━━ Data for the task

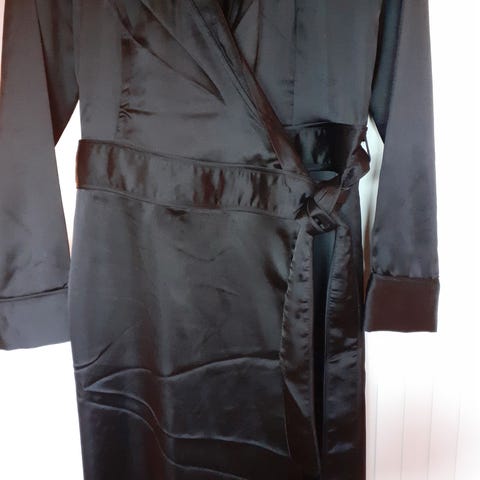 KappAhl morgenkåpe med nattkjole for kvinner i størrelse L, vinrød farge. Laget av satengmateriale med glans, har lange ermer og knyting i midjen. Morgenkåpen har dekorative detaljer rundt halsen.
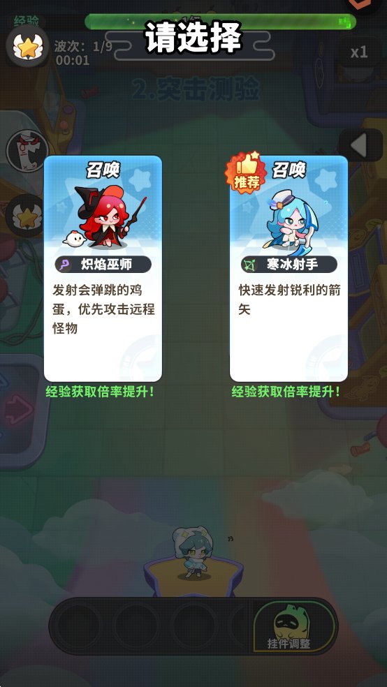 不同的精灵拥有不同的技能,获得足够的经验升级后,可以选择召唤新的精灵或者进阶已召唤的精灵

━━━━
━━ Data for the task

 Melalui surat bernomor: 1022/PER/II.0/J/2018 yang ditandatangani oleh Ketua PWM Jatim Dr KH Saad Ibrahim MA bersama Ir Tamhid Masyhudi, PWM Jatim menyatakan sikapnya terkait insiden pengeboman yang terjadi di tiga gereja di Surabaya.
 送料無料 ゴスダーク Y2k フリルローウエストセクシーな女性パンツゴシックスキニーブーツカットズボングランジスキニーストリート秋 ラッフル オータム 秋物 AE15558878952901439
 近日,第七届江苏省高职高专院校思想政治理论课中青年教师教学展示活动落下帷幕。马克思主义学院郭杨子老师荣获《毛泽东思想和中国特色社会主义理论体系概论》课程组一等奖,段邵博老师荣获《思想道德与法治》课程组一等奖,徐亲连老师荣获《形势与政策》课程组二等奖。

━━━━
━━ Data for the task

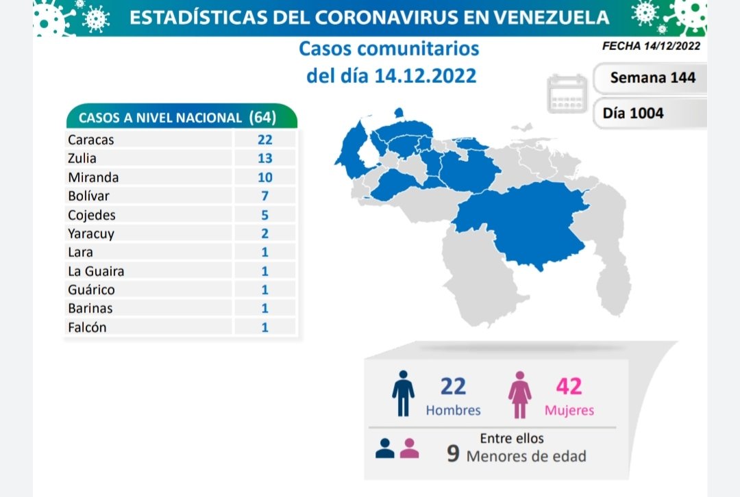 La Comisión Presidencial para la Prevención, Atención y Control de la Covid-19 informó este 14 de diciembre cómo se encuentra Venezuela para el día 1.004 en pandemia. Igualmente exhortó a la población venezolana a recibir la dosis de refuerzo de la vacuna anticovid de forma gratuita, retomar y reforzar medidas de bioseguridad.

━━━━

_Directions for this task_
Looking at the data above, write out exactly the lines that start at the one containing "Melalui surat bernomor: 1022/PER/II.0/J/2018" and end at the one containing "近日,第七届江苏省高职高专院"; include both and nothing beyond.

_Response_
 Melalui surat bernomor: 1022/PER/II.0/J/2018 yang ditandatangani oleh Ketua PWM Jatim Dr KH Saad Ibrahim MA bersama Ir Tamhid Masyhudi, PWM Jatim menyatakan sikapnya terkait insiden pengeboman yang terjadi di tiga gereja di Surabaya.
 送料無料 ゴスダーク Y2k フリルローウエストセクシーな女性パンツゴシックスキニーブーツカットズボングランジスキニーストリート秋 ラッフル オータム 秋物 AE15558878952901439
 近日,第七届江苏省高职高专院校思想政治理论课中青年教师教学展示活动落下帷幕。马克思主义学院郭杨子老师荣获《毛泽东思想和中国特色社会主义理论体系概论》课程组一等奖,段邵博老师荣获《思想道德与法治》课程组一等奖,徐亲连老师荣获《形势与政策》课程组二等奖。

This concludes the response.